С 26 по 28 сентября 1853 г. Николай пребывал в Ольмюце и имел там долгую беседу со своим шурином принцем Вильгельмом, который в течение всей Крымской войны придерживался довольно враждебной России политики. Из Ольмюца Николай проехал в Варшаву и стал усиленно звать сюда прусского короля. С Францем-Иосифом он успел уже видеться и переговорить в Ольмюце.

Фридрих-Вильгельм IV боялся отказаться от поездки в Варшаву, но боялся и поехать туда, чтобы не раздражить Англию и Наполеона III. Он поэтому сначала отрядил Мантейфеля к английскому послу в Берлине, поручив ему успокоить посла. Но когда Мантейфель заверил Лофтуса со стороны короля, что Пруссия только о том и думает, как бы ей действовать в согласии с Англией, – вдруг совершенно неожиданно король Фридрих-Вильгельм IV отправился 2 октября 1853 г. в Варшаву на свидание с Николаем. А когда Лофтус живо поинтересовался, как следует понимать эту внезапную поездку, то Мантейфель сначала ответил, что ему и самому это путешествие короля не нравится и что он пытался отсоветовать королю ездить в Варшаву; потом Мантейфель еще прибавил, что король хотя и поехал к Николаю, но никаких политических разговоров между королем и русским императором не будет, ибо такое обещание уже наперед дано королю царем. Иначе Фридрих-Вильгельм и не поехал бы! Вся эта безнадежная ложь увенчалась еще одним совсем уже курьезным по своей нелепости измышлением: Мантейфель вздумал (противореча себе!) уверять Лофтуса, что политические разговоры между королем и Николаем в самом деле были, но главная цель Фридриха-Вильгельма IV при этом заключалась в том, чтобы помешать слишком большому сближению царя с Австрией! «Что должны были подумать в Лондоне о подобных попытках прусской дипломатии извернуться?» – с грустью спрашивает новейший германский исследователь и издатель интереснейших донесений лорда Лофтуса Файт-Валентин [351]351
  Valentin V. Bismarcks Reichsgrundung im Urteil englischer Diplomaten. Amsterdam, 1937, стр. 88.


[Закрыть]
.

Изо всех сил стремился лорд Лофтус втравить Пруссию в войну с Россией и доносил в Лондон о том, что они с Мантейфелем обсуждали, нельзя ли теперь, в 1853 г., повторить тот прием, который пустил в ход в 1790 г. король прусский Фридрих-Вильгельм II, заняв довольно определенную позицию против Екатерины, воевавшей тогда с турками. Мантейфель к концу года стал переходить на более дружественную Англии позицию, но решительно отказывался выступить против Николая, хотя бы только дипломатически. Тотчас же совсем неожиданно царь из Варшавы проехал в Берлин с мимолетным ответным визитом.

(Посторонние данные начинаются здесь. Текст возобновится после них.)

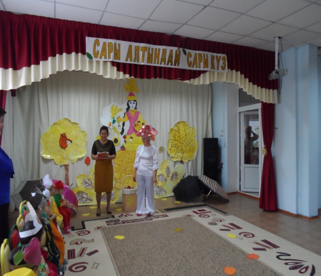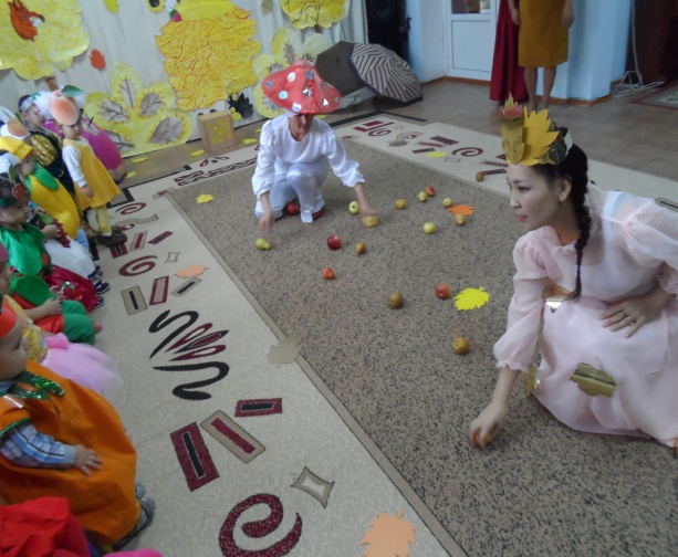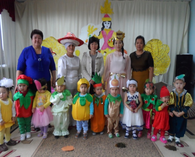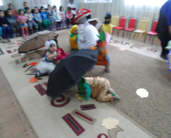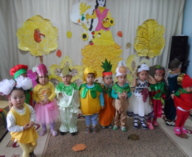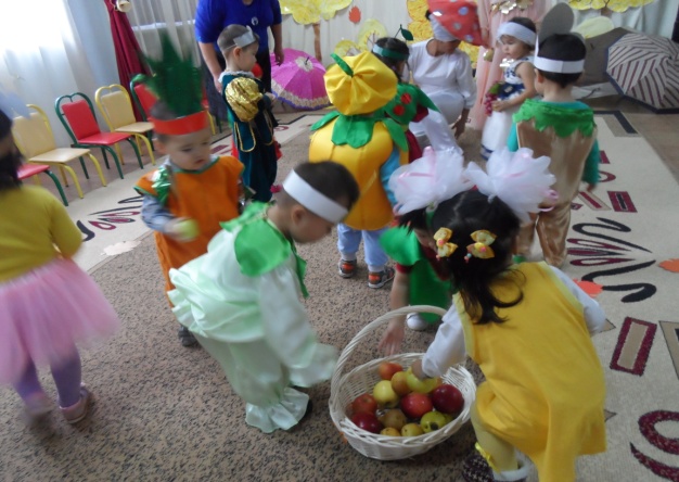 В детском саду «Айналайын» в группе «Балапан» у самых маленьких воспитаников сада прошел утренник на тему «Жемістер мен көкеністер». Детишек завели в зал, украшенный осенними листьями, они пели песню и рассказывали стишки про золотую осень. Дети играли в игру «дождь и зонтик», детишкам было весело, детям игра очень понравилась.

Но главного царь все-таки не достиг ни в Ольмюце, ни в Варшаве, ни в Берлине. Австрия решительно ускользала от его влияния, попытка смягчить враждебное настроение Наполеона III не удалась, и именно последовавшее из Парижа воспрещение генералу Гуайону откликнуться на приглашение Николая прибыть в Варшаву могло особенно встревожить Фридриха-Вильгельма IV и помешать ему занять открыто дружественную позицию относительно России.

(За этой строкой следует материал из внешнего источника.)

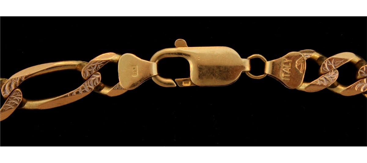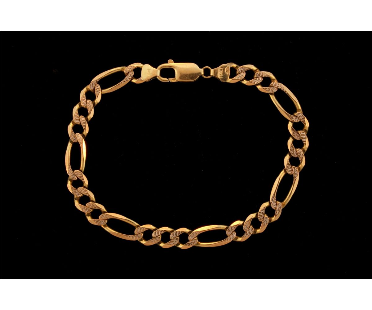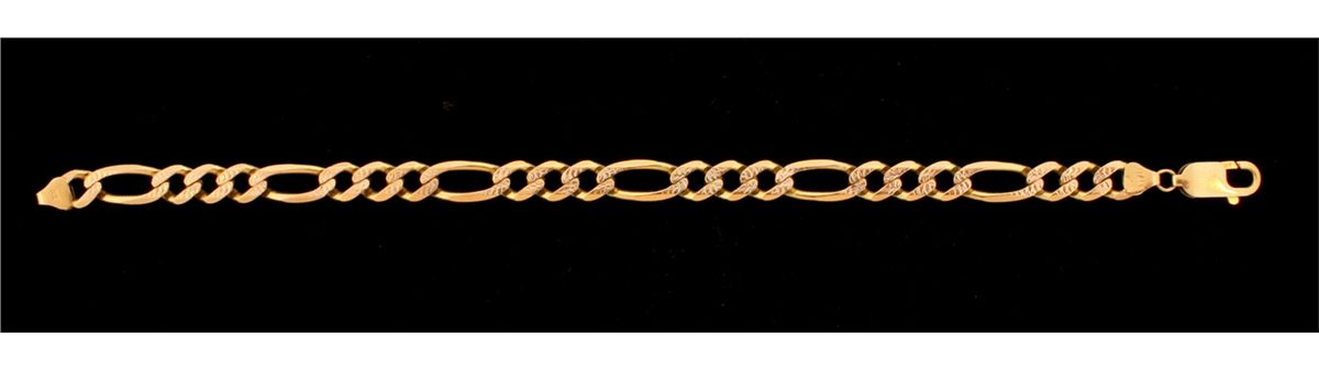 BRACELET: [1] 14KYG Figaro link chain, 8 1/2 inches; 14.3 grams.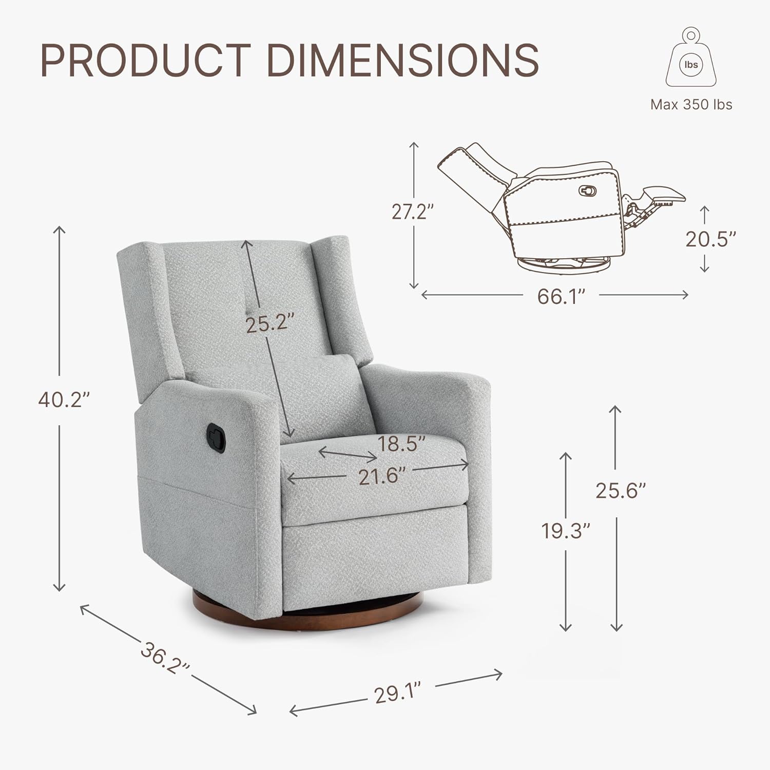 - 【QUALITY WOODEN BASE】The manual recliner has a 360-degree wood swivel base, is crafted of durable birchwood and quality metal(OKIN), designed to last for years of use, allows for a smooth and gentle swivel motion and gliding. You can be comfortable as you feed or rock your baby to sleep,cuddle up, recline, and get cozy.

В длинной протестующей ноте от 25 сентября 1853 г., направленной министру иностранных дел лорду Кларендону, Бруннов укоряет не только султана, но и Англию в нарушении договора от 1(13) июля 1841 г., настаивая на том, что между Россией и Турцией никакой войны нет. Бруннов ссылается при этом на обмен писем, происшедший в свое время между Горчаковым и Решид-пашой. Горчаков заявил, что он не перейдет на правый берег Дуная, а Решид ответил, что, пока русские остаются на левом берегу, турецким войскам запрещены какие бы то ни было враждебные действия [352]352
  АВПР, ф. К., д. 75, ad № 251. Brunnow – Clarendon. Londres, le 13 (25) septembre 1853.


[Закрыть]
.

Бруннов жалуется в своей ноте, что как раз в те дни, когда турецкий диван выдвигает новые препятствия против мирного соглашения, англичане идут ему навстречу, посылая в Босфор свои суда в прямое нарушение договора 1841 г.

Нота Бруннова успеха не имела. Дело шло ускоренным темпом к войне.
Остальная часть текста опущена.